Endothelin-1 increases intracellular Ca(2+) in rabbit pulmonary artery smooth muscle cells through phospholipase C.

In freshly isolated rabbit pulmonary artery smooth muscle cells, endothelin (ET)-1 induced a transient increase in intracellular Ca(2+) concentration (Ca(2+)) followed by a return to the initial Ca(2+). This response was not abolished by the voltage-dependent Ca(2+) channel blocker nicardipine or removal of Ca(2+) from the bath solution but was inhibited by ryanodine and thapsigargin.
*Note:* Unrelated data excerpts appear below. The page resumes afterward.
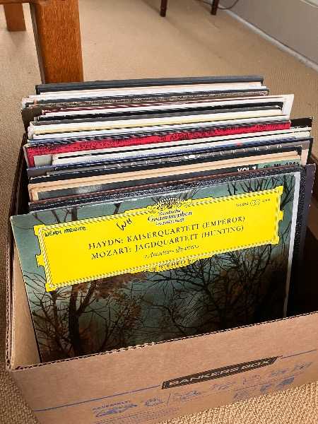 2 boxes classical music LPs, some rare! Records, jackets and liner notes in good condition. Please commit to taking at least one box (just don't dump in landfill!). thanks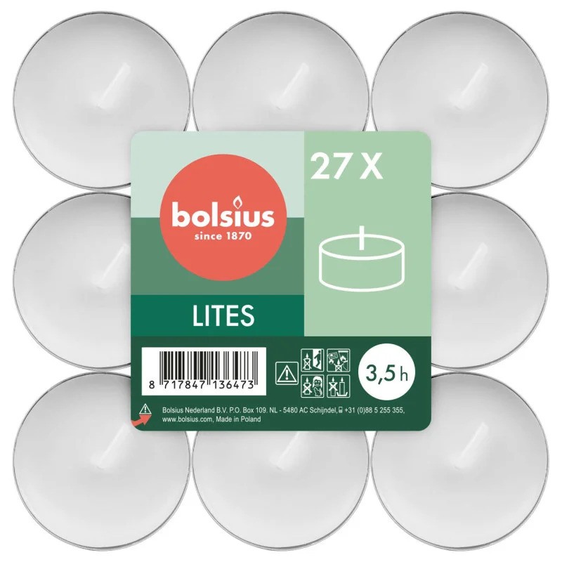 Tealighty Podgrzewacze bezzapachowe o czasie palenia do 3,5 godziny BOLSIUS. Pakowane po 27 szt jednostkowych w opakowaniu zbiorczym.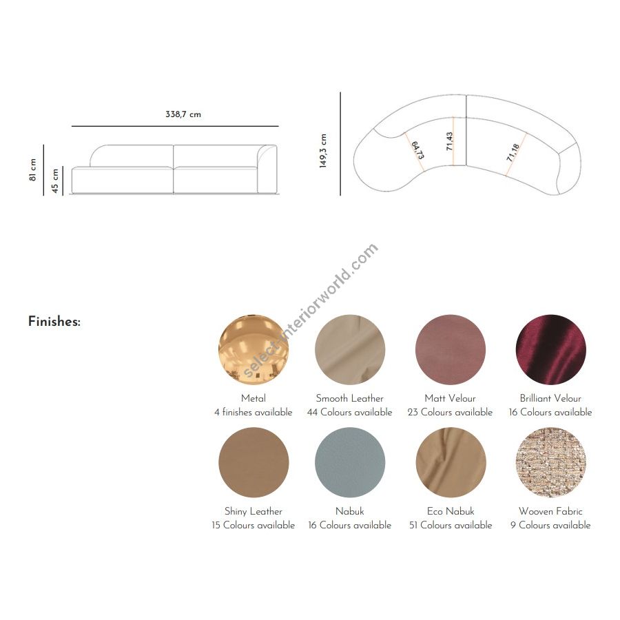 Finish: Metal, Smooth Leather, Matt Velour, Brilliant Velour, Wooven Fabric
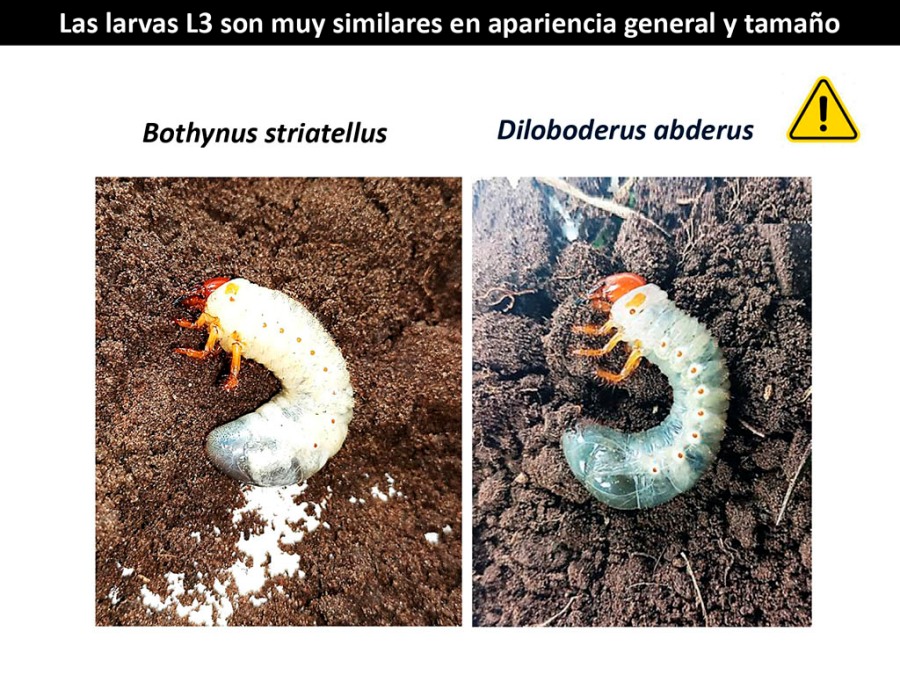 De acuerdo a la especialista, la etapa 3 de las larvas (L3) de B. striatellus es la que suele ser confundida con D. abderus. “En ese estadío estas plagas son muy similares en tamaño, coloración y apariencia”, comenta Niveyro.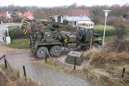 Dat zijn allemaal zware voorwerpen dus kwam het Belgische Leger met indrukwekkend materieel.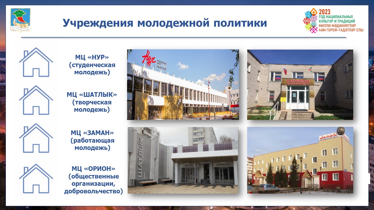 Сегодня в городе активно работают 4 молодежных центра и 44 общественных объединения. За последние 7 лет капитально отремонтированы 25 подростковых клубов, молодежные центры «Нур» и «Шатлык».
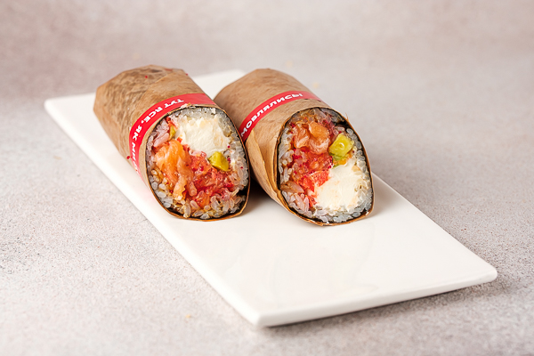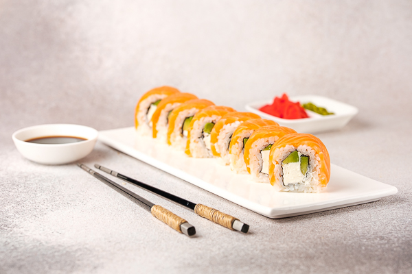 Лосось, тигрова креветка, вершковий сир Філадельфія, норі, рис, манговий соус , мигдалева стружка.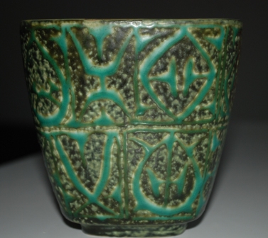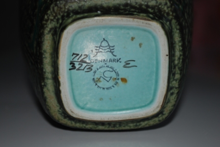 Flerfärgad konstfajans kallas materialet för och formgivaren i det här fallet, kan vara Harald Georg Slott-Möller (1864-1937), och han var anställd hos Aluminia 1902-06.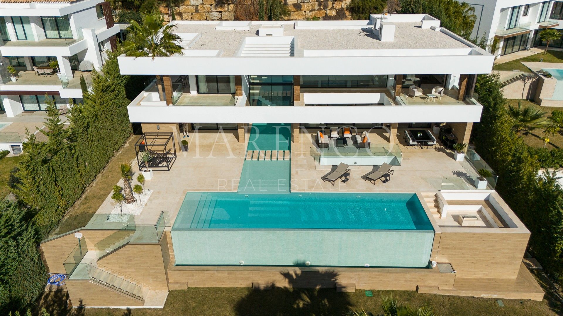 Buiten geniet u van een exclusief zwembad met een prachtig design en een stijlvolle zithoek, evenals een groot terras, perfect om te ontspannen en te genieten van het mediterrane klimaat.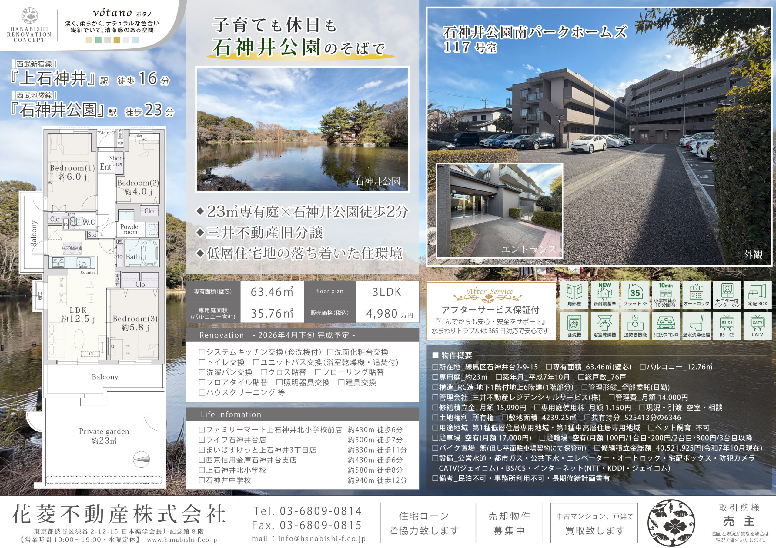 | リノベーション内容 | システムキッチン交換(食洗機付) / 洗面化粧台交換 / トイレ交換 / ユニットバス交換(浴室乾燥機・追焚付) / 洗濯パン交換 / クロス貼替 / フローリング貼替 / フロアタイル貼替 / 照明器具交換 / 建具交換 / ハウスクリーニング 等(2026年4月下旬 完成予定) |

This finding suggested that the increase in Ca(2+) induced by ET-1 was attributable to release of Ca(2+) from ryanodine- and inositol 1,4,5-trisphosphate-sensitive intracellular Ca(2+) stores. The transient increase in Ca(2+) induced by ET-1 was also inhibited by pretreatment with antagonists of ET type A and B (ET(A) and ET(B)) receptors (BQ-123 and BQ-788, respectively). Furthermore, the ET(B) receptor agonist IRL-1620 induced an increase in Ca(2+) that was followed by a sustained increase in Ca(2+); the sustained increase in Ca(2+) was blocked by nicardipine. Using the nystatin-perforated patch-clamp technique, we found that IRL-1620 caused an increase in Ca(2+) current that was inhibited by addition of ET-1. ET-1 did not inhibit Ca(2+) current when cells were pretreated with BQ-123. These results suggested that when both receptor types are activated, the opposing responses lead to abolition of the sustained Ca(2+) increases induced by ET(B) receptor activation. Western blot analysis confirmed expression of ET(A) and ET(B) receptors. Finally, U-73122 inhibited the ET-1-induced Ca(2+) increase, indicating that phospholipase C was involved in modulation of the ET-1-induced Ca(2+) increase in rabbit pulmonary artery smooth muscle cells.